The goal of hypothesis testing is to determine if, for instance, the two different conditions we have in an experiment have resulted in different impacts.

In [1]:
import pandas as pd

In [2]:
import numpy as np

In [3]:
from scipy import stats

In [4]:
# scipy is an interesting collection of libraries for data science and you will use most or perhaps all of libraries for data science. 
# It includes numpy and pandas, but also plotting libraries such as matplotlib, and a number of scientific library functions.

Two statements of interests:
1. Actual explanation, which is the alternative hypothesis.
2. explanation is not sufficient, which is the null hypothesis. 

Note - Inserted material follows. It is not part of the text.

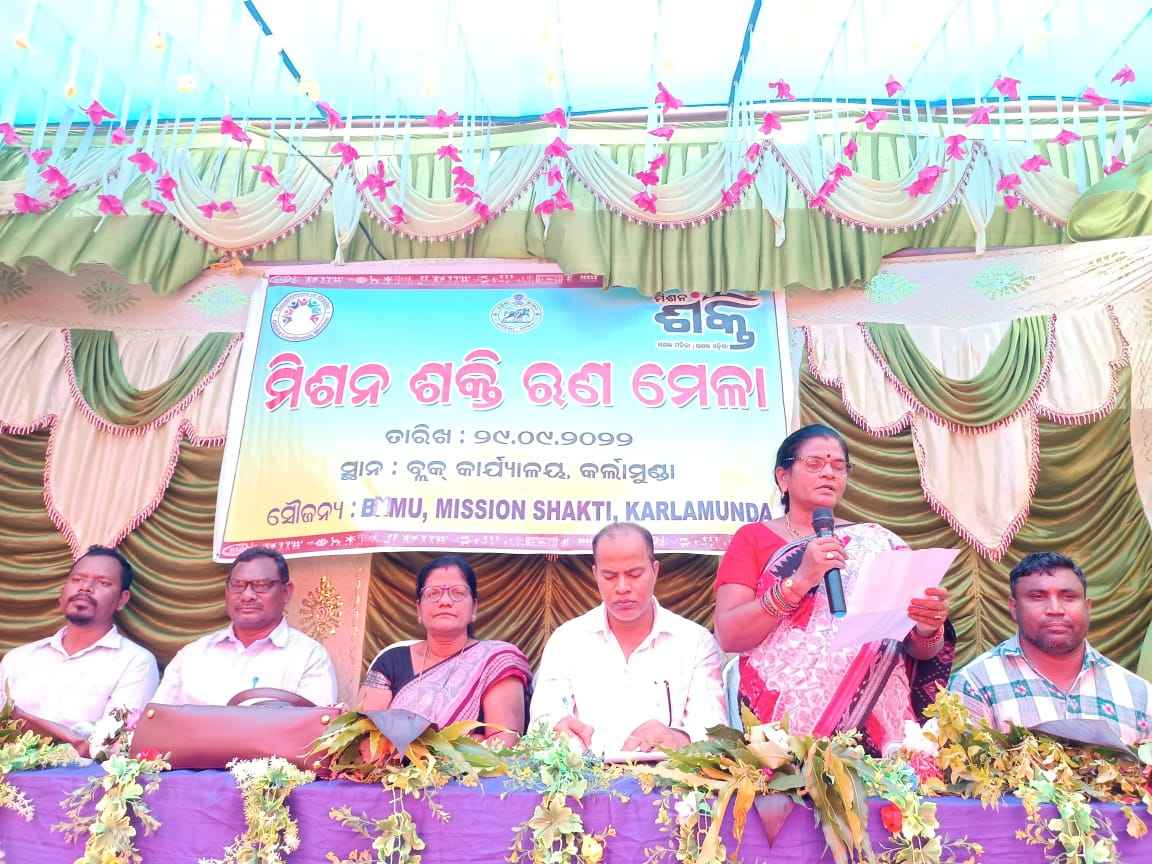 କଳାହାଣ୍ଡି ଜିଲ୍ଲା କର୍ଲାମୁଣ୍ଡା ବ୍ଲକ ପରିସରରେ ମିଶନ ଶକ୍ତି ପକ୍ଷରୁ ଋଣ ମେଳା ଗୁରୁବାର ଅନୁଷ୍ଠିତ ହୋଇଯାଇଛି।ଆୟୋଜିତ ସଭାରେ ମୁଖ୍ୟ ଅତିଥି ଭାବେ ବ୍ଲକ ଅଧକ୍ଷ୍ୟା ଶ୍ରୀମତୀ କୁନି ସାହୁ,ସମ୍ମାନିତ ଅତିଥି ଭାବେ ବିଡ଼ିଓ ଶିଧେଶ୍ୱର ମେହେର, ବ୍ଲକ ଉପାଧ୍ୟକ୍ଷ ସୁରେନ୍ଦ୍ର ଭୋଇ, ଜିଲ୍ଲା ପରିଷଦ ସଭ୍ୟ ସୁରେଶ ଚୌଧୁରୀ ଓ ମହେନ୍ଦ୍ର ରଣା, ସିଡିପିଓ ଗିରିଜା ଗୂଡ଼ଲା ,ମିଶନ ଶକ୍ତି ବ୍ଲକ ସଭାପତି ଜୟନ୍ତୀ ସାହୁ,କର୍ଲାମୁଣ୍ଡା ଏସବିଆଇ ଫିଲଡ଼ ଅଫିସର ଚିଦାନନ୍ଦ ପ୍ରଧାନ, ରିଷିଡା ୟୁକେ ବ୍ୟାଙ୍କ ଶାଖା ପରିଚାଳକ କପିଳ ଚନ୍ଦ୍ର ପ୍ରଧାନ, ତେରେସିଙ୍ଗା ଉତ୍କଳ ଗ୍ରାମ୍ୟ ବ୍ୟାଙ୍କ ଶାଖା ପରିଚାଳକ ଦେବ ପ୍ରକାଶ ନାଏକ,ରେଗଡା ଉତ୍କଳ ଗ୍ରାମ୍ୟ ବ୍ୟାଙ୍କ ଶାଖା ପରିଚାଳକ ଅଶ୍ୱିନୀ କୁମାର ଭାତ୍ରା ପ୍ରମୁଖ ଯୋଗ ଦେଇ ସ୍ୱୟଂ ସହାୟକ ଗୋଷ୍ଠୀ ପାଇଁ ମିଶନ ଶକ୍ତି ଜରିଆରେ ସରକାର ନେଉଥିବା ବିଭିନ୍ନ ପଦକ୍ଷେପ ଉପରେ ଆଲୋଚନା କରିଥିଲେ।

The actual testing method is to determine whether the null hypothesis is true or not. 
If there is a difference between groups, reject the null hypothesis and accept the alternative.

In [5]:
df = pd.read_csv("assets/grades.csv")
df.head()

Unnamed: 0,student_id,assignment1_grade,assignment1_submission,assignment2_grade,assignment2_submission,assignment3_grade,assignment3_submission,assignment4_grade,assignment4_submission,assignment5_grade,assignment5_submission,assignment6_grade,assignment6_submission
0,B73F2C11-70F0-E37D-8B10-1D20AFED50B1,92.733946,2015-11-02 06:55:34.282000000,83.030552,2015-11-09 02:22:58.938000000,67.164441,2015-11-12 08:58:33.998000000,53.011553,2015-11-16 01:21:24.663000000,47.710398,2015-11-20 13:24:59.692000000,38.168318,2015-11-22 18:31:15.934000000
1,98A0FAE0-A19A-13D2-4BB5-CFBFD94031D1,86.790821,2015-11-29 14:57:44.429000000,86.290821,2015-12-06 17:41:18.449000000,69.772657,2015-12-10 08:54:55.904000000,55.098125,2015-12-13 17:32:30.941000000,49.588313,2015-12-19 23:26:39.285000000,44.629482,2015-12-21 17:07:24.275000000
2,D0F62040-CEB0-904C-F563-2F8620916C4E,85.512541,2016-01-09 05:36:02.389000000,85.512541,2016-01-09 06:39:44.416000000,68.410033,2016-01-15 20:22:45.882000000,54.728026,2016-01-11 12:41:50.749000000,49.255224,2016-01-11 17:31:12.489000000,44.329701,2016-01-17 16:24:42.765000000
3,FFDF2B2C-F514-EF7F-6538-A6A53518E9DC,86.030665,2016-04-30 06:50:39.801000000,68.824532,2016-04-30 17:20:38.727000000,61.942079,2016-05-12 07:47:16.326000000,49.553663,2016-05-07 16:09:20.485000000,49.553663,2016-05-24 12:51:18.016000000,44.598297,2016-05-26 08:09:12.058000000
4,5ECBEEB6-F1CE-80AE-3164-E45E99473FB4,64.8138,2015-12-13 17:06:10.750000000,51.49104,2015-12-14 12:25:12.056000000,41.932832,2015-12-29 14:25:22.594000000,36.929549,2015-12-28 01:29:55.901000000,33.236594,2015-12-29 14:46:06.628000000,33.236594,2016-01-05 01:06:59.546000000


There are six different assignment. Let's look at some summary statistics for this DataFrame

In [6]:
print("There are {} rows and {} columns".format(df.shape[0], df.shape[1]))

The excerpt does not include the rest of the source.